§ Exercise data:
===

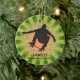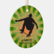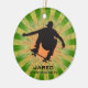 Skateboard Ornement personnalisé Noël 20XX. Un sjateboarder pose sur une planche contre un arrière - plan de starburst vert et orange. Tout le texte personnalisable, avant et arrière !
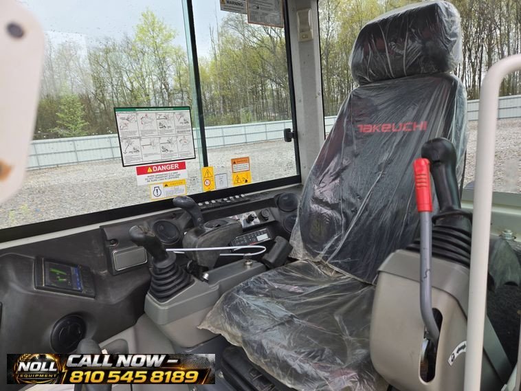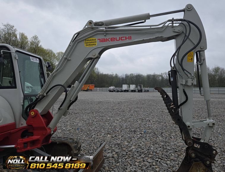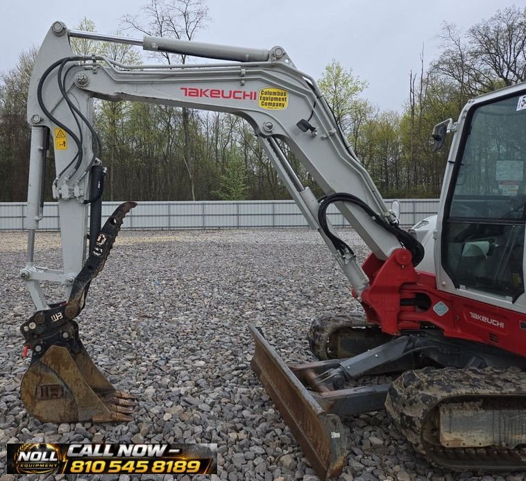 2022 Takeuchi TB260 with 1,142 hours, powered by a Yanmar diesel engine and hydrostatic drive. Enclosed cab with AC/heat, pattern changer, swing boom, and 78” blade. Includes hydraulic thumb, quick coupler, and 4 buckets (12”, 19”, 37”, 49”). Runs on 15.5” rubber tracks—clean, versatile, and ready to work.
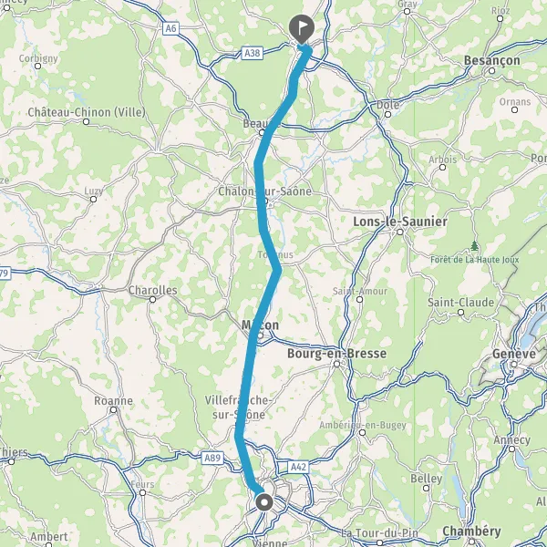 Continuer M6 (Autoroute du Soleil) sur 150 kilomètres

===

§ Work request:
An exact, word-for-word version of the material is required, free of pictures.

§ Answer below:
 Skateboard Ornement personnalisé Noël 20XX. Un sjateboarder pose sur une planche contre un arrière - plan de starburst vert et orange. Tout le texte personnalisable, avant et arrière !
 2022 Takeuchi TB260 with 1,142 hours, powered by a Yanmar diesel engine and hydrostatic drive. Enclosed cab with AC/heat, pattern changer, swing boom, and 78” blade. Includes hydraulic thumb, quick coupler, and 4 buckets (12”, 19”, 37”, 49”). Runs on 15.5” rubber tracks—clean, versatile, and ready to work.
 Continuer M6 (Autoroute du Soleil) sur 150 kilomètres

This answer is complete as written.